Kondisi tersebut dinilai perlu mendapat perhatian karena berpotensi menekan produktivitas petani sekaligus mengganggu keberlanjutan produksi pangan di wilayah yang bergantung pada curah hujan.

Untuk mengurangi dampak tersebut, Pemerintah Provinsi Jawa Timur bersama Pemerintah Kabupaten Tuban didorong memaksimalkan dukungan sarana dan prasarana pertanian, khususnya yang berkaitan dengan ketersediaan air.

Sejumlah langkah yang dikawal antara lain pemanfaatan embung, program pipanisasi dan pompanisasi, serta bantuan sarana pendukung pertanian.
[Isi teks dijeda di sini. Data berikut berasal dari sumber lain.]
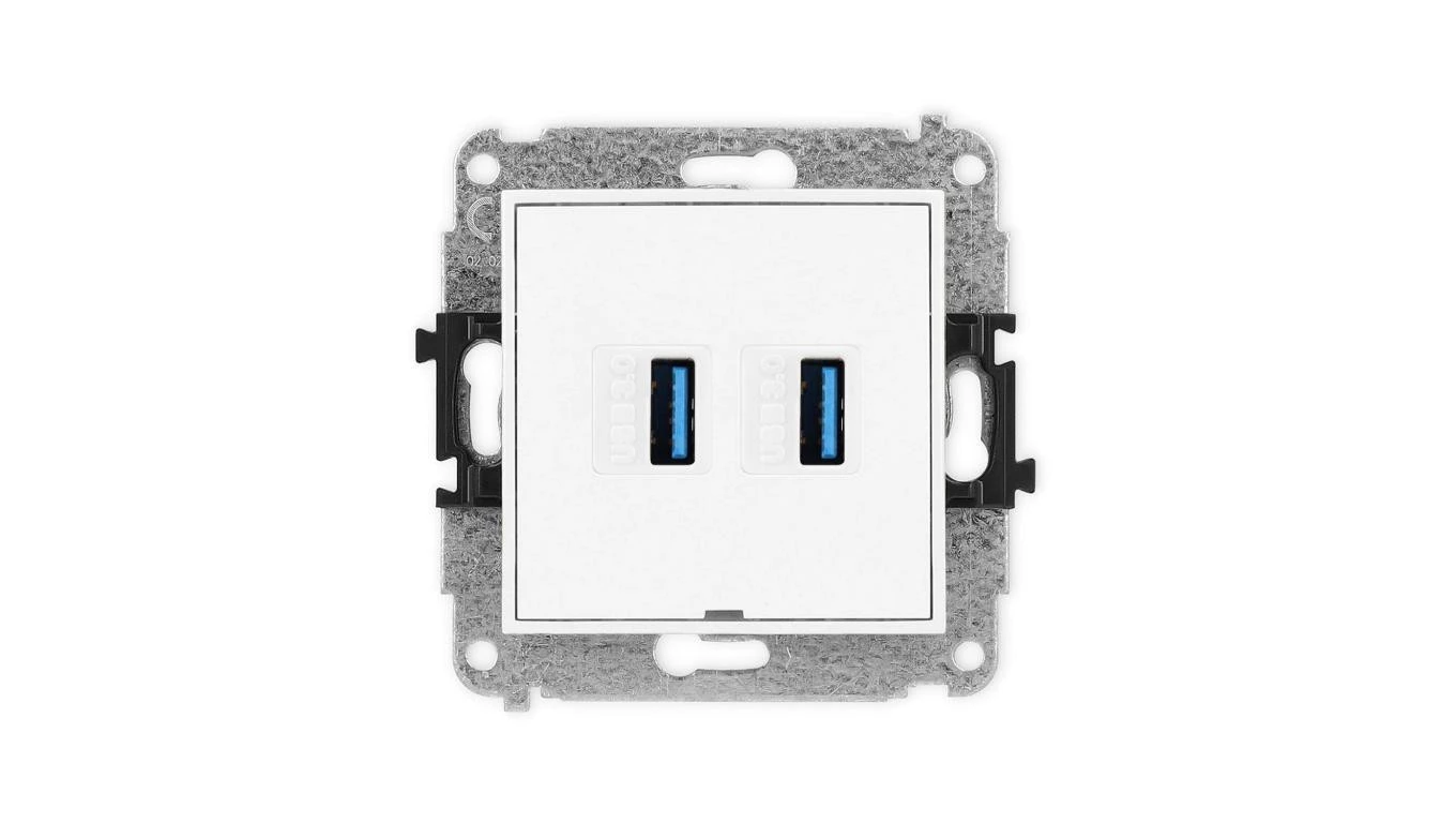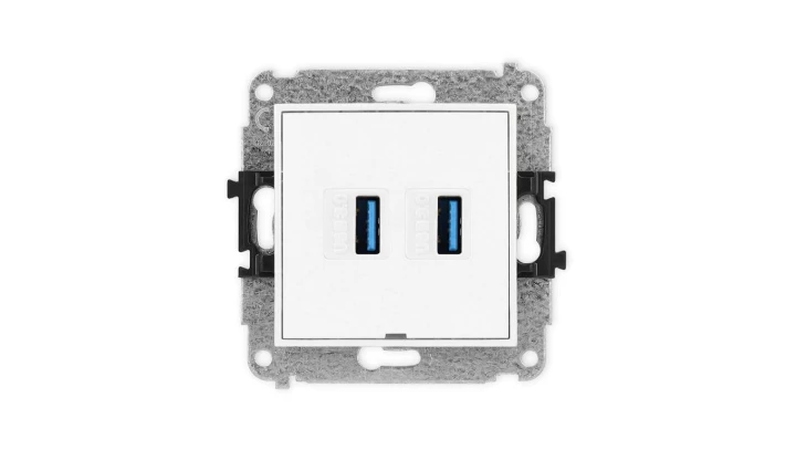 ICON Mechanizm gniazda podwójnego 2xUSB A-A 3.0, bez pola opisowego biały mat 25IGUSBBO-6

Upaya tersebut diharapkan dapat membantu petani tetap mengoptimalkan lahan meski menghadapi keterbatasan air selama musim kemarau.

Hany menegaskan, penanganan kekeringan perlu dilakukan secara berkelanjutan. Distribusi air bersih menjadi solusi jangka pendek untuk memenuhi kebutuhan dasar warga, sementara pembangunan infrastruktur sumber air dan penguatan sarana irigasi diperlukan sebagai langkah jangka panjang.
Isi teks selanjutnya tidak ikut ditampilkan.